I think I can do a little better. So I came up with a whole menu of burgers inspired by each of the presidential candidates…

The Trump: A pound of PCP between two buns. May lead to overconfidence and the perception those around you are “low energy”.

The Jeb Bush: Made with 100% USDA Dynasty Beef, topped with a sprinkle of queso fresco, and served in a Super PACK. Sounds great on paper but tastes uninspiring.

The Hillary Clinton: A totally spontaneous, unscripted burger cooked to order by a team of political consultants over a period of six weeks and four focus groups.

The Bernie Sanders: Topped with enough hot peppers to cause delirium and a belief in impossible things. Feel the Bern.

The Bobby Jindal: A good old-fashioned, all-American burger. Definitely nothing Indian about it whatsoever.

The Carly Fiorina: A burger served in a jammed HP printer.

The Rand Paul: You have to make this burger yourself and you’re not allowed to share it. Because that’s freedom.
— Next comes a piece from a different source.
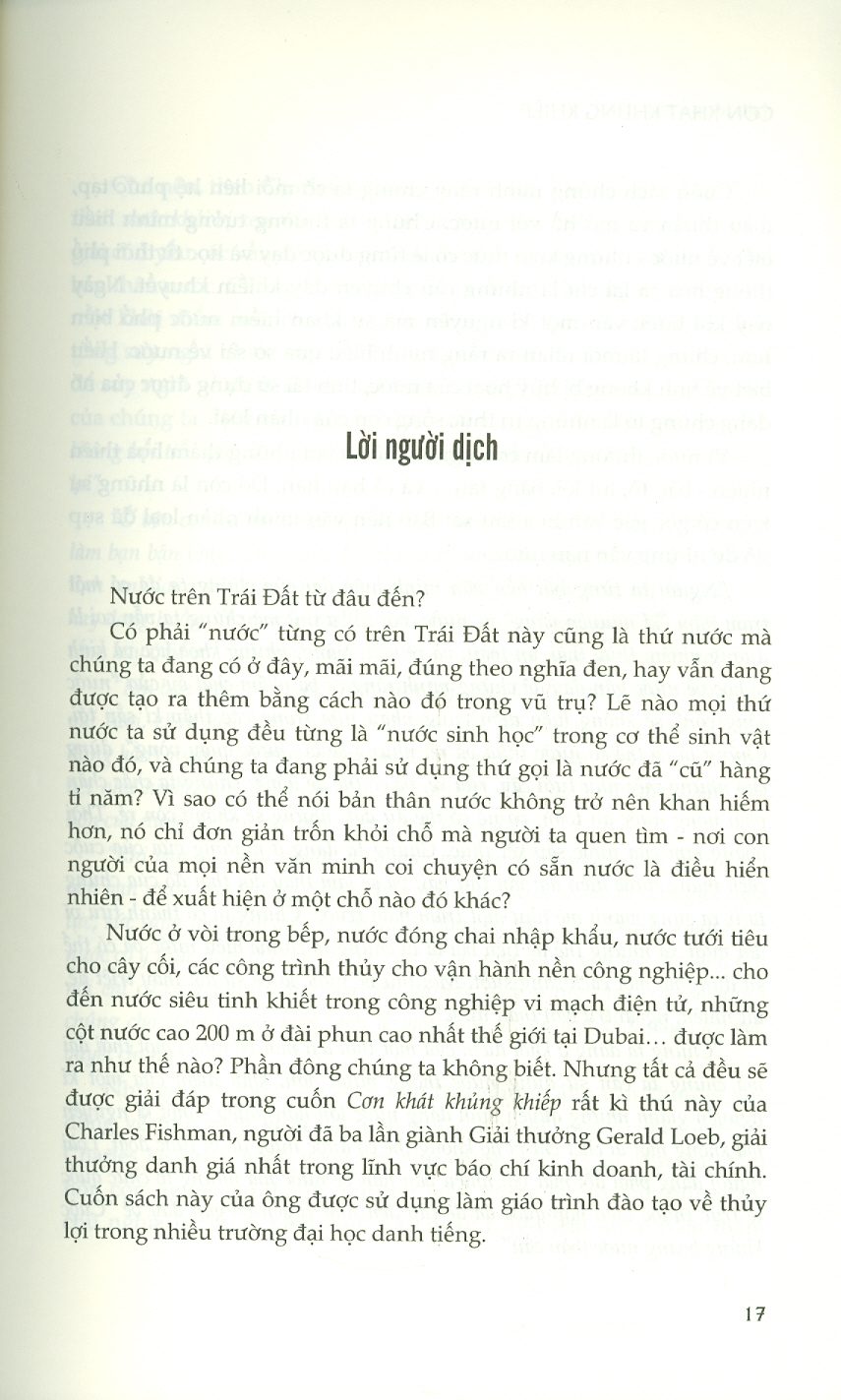 “Fishman, tác giả của cuốn sách bán chạy nhất, Hiệu ứng Wal-Mart (2006), giờ đây đã đem thiên phú của ông về những phép thống kê và kể chuyện vào cuốn sách đánh giá sinh động và vô giá về các nền chính trị, kinh tế, văn hóa về nước. Đầy tình cảm trong những mô tả vẻ đẹp và sự kì diệu của nước, nhưng cũng rất nghiêm khắc khi lí giải rằng nước mà giờ đây chúng ta đang có đều là nước chúng ta sẽ phải sử dụng mãi, và kỉ nguyên vàng của thứ nước dự dật, an toàn, và rẻ, sẽ sớm cáo Cuộc điều tra gây say mê của Fishman về nước làm nên nền tảng của một cuộc cách mạng dùng nước rất cần thiết” - Tạp chí Booklist

The Ted Cruz: Topped with bacon, cheese, and a slab of lard. After it gives you heart disease, it takes away your healthcare.

The Marco Rubio: We designed this burger to appeal to the growing population of Latino diners. There’s nothing in it that most Latinos like to eat, but we just wanted them to know we were thinking of them.

The Mike Huckabee: Ground dinosaur meat served on an ark. Gluten free.

The Lawrence Lessig: A veggie burger that became a beef burger to expose the evils of factory farming. Once it abolishes beef burgers, it goes back to being a veggie burger.

The Chris Christie: A burger inside an identical burger inside an identical burger. It’s full of itself.

The Ben Carson: Looks like a regular, mild-mannered burger, but after you eat it you compare everything to slavery or the Holocaust.

The Kasich Graham O’Malley Pataki Santorum Gilmore: We’ll figure out what this burger is as soon as one person orders it.

So, what are you having?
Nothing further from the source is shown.